The choice of the venue by President Obama will allow us to have candid and informal exchanges on the most pressing challenges that the world is facing.
The last time I was here in Camp David, four-and-a-half years ago, in October 2008, I met with then the President of the United States, George W. Bush, and with then the President of France, Nicolas Sarkozy. We discussed how to organise the global response to the financial crisis after the Lehman Brothers collapsed, and following that discussion we had the creating of the G20 leaders' process. Still today, the wounds caused by that financial crisis, which started in the U.S., are not yet healed. How we shape and coordinate our response globally will therefore also be at the centre of the discussions here in Camp David today and tomorrow.
The European Union is coming to this G8 with five clear messages:
Firstly, we need to take action for growth, while staying the course in terms of putting our public finances in order.

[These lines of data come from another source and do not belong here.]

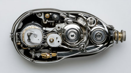 An artistic closeup of a mechanical engine system showcasing intricate gears and cogs in polished silver finish, highlighting the beauty of engineering design.
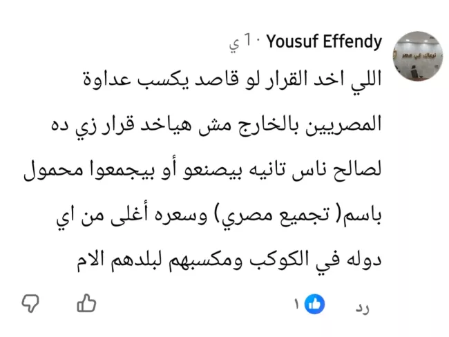 أحد المواطنين معترضًا على قرار الحكومة إلغاء إعفاء الهواتف من الجمارك، 23 يناير 2026وأشار إلى دعوة رئيس الوزراء مصطفى مدبولي لعقد اجتماع طارئ خلال الأسبوع الجاري، لمناقشة ملف الرسوم الجمركية على الهواتف بشكل كامل.
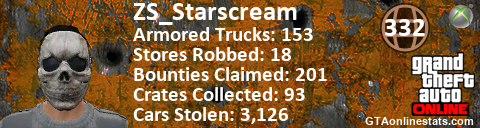 [URL=http://GTAonlinestats.com/showplayer/ZS_Starscream][IMG]http://GTAonlinestats.com/signature/ZS_Starscream/sig.png[/IMG][/URL]
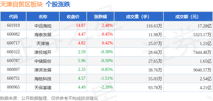 从资金流向上来看,当日天津自贸区板块主力资金净流入2.13亿元,游资资金净流出1.24亿元,散户资金净流出8900.25万元。天津自贸区板块个股资金流向见下表:
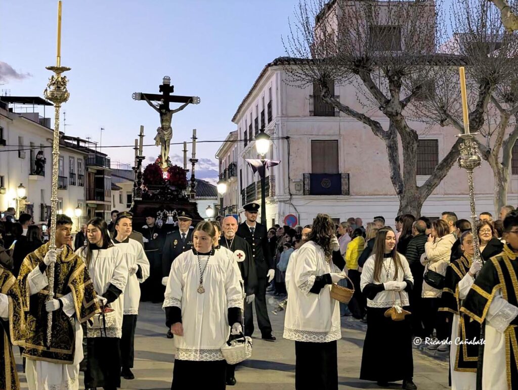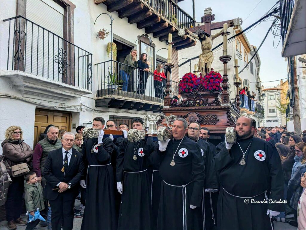 Como es tradición, abría el cortejo el paso del Cristo de la Misericordia, cuya imagen, recientemente restaurada, lució con especial solemnidad en la tarde-noche bastetana. Fue portado a hombros por su cuadrilla de horquilleros, que completó el recorrido sin relevos, en un esfuerzo destacado que no pasó desapercibido. Los acompañaban los sones de la Banda de Tambores y Cornetas Expiración, de la vecina localidad de Huéscar, que volvió a dejar patente su calidad y experiencia. Precedían el conjunto la Cruz de Guía y los penitentes más jóvenes, seguidos por los distintos tramos que acompañaban tanto al Cristo como a la Virgen.

Stability and growth go together. They are two sides of the same coin. Sound public finances, structural reforms and targeted investment are the key ingredients of our European response to the crisis. This will help to enhance competitiveness and get people back to work. This is the only road to growth that is sustainable, and what we want precisely is sustainable growth, not the kind of growth we had in the past fuelled up by excessive debt or by irresponsible behaviour in the financial sector that lead to unsustainable growth. I am confident that our G8 partners will recognise the merits of this approach and the progress made despite new and recent challenges.
Just next week we will meet in Brussels at the European Council all the Heads of State and Government of the EU together with President Van Rompuy and to discuss a European growth initiative, which can accelerate our action for sustainable growth.
I am particularly happy that today in Europe there is growing awareness of the need to combine fiscal consolidation and structural reform with investment. And now I believe there is a growing awareness of the need to support some proposals made some time ago by the European Commission in terms of increasing the lending capacity of the European Investment Bank, in terms of adopting project bonds to mobilise funding including funding from the private sector for big Trans-European projects, and also using the European budget as a leverage for growth because the European budget is a budget for investment and growth.
So it is in fact important to understand that Europe is working on these issues - stability and growth. The question is how can we achieve growth. And in Europe it is obvious that it requires to pursue a serious path of fiscal consolidation, at the same time promote structural reform at the European level, for instance completing the single market, and at the national level, most of our Member States have taken very courageous decisions, and also having targeted investment because some investment is also necessary. Apart from other issues these are the most urgent.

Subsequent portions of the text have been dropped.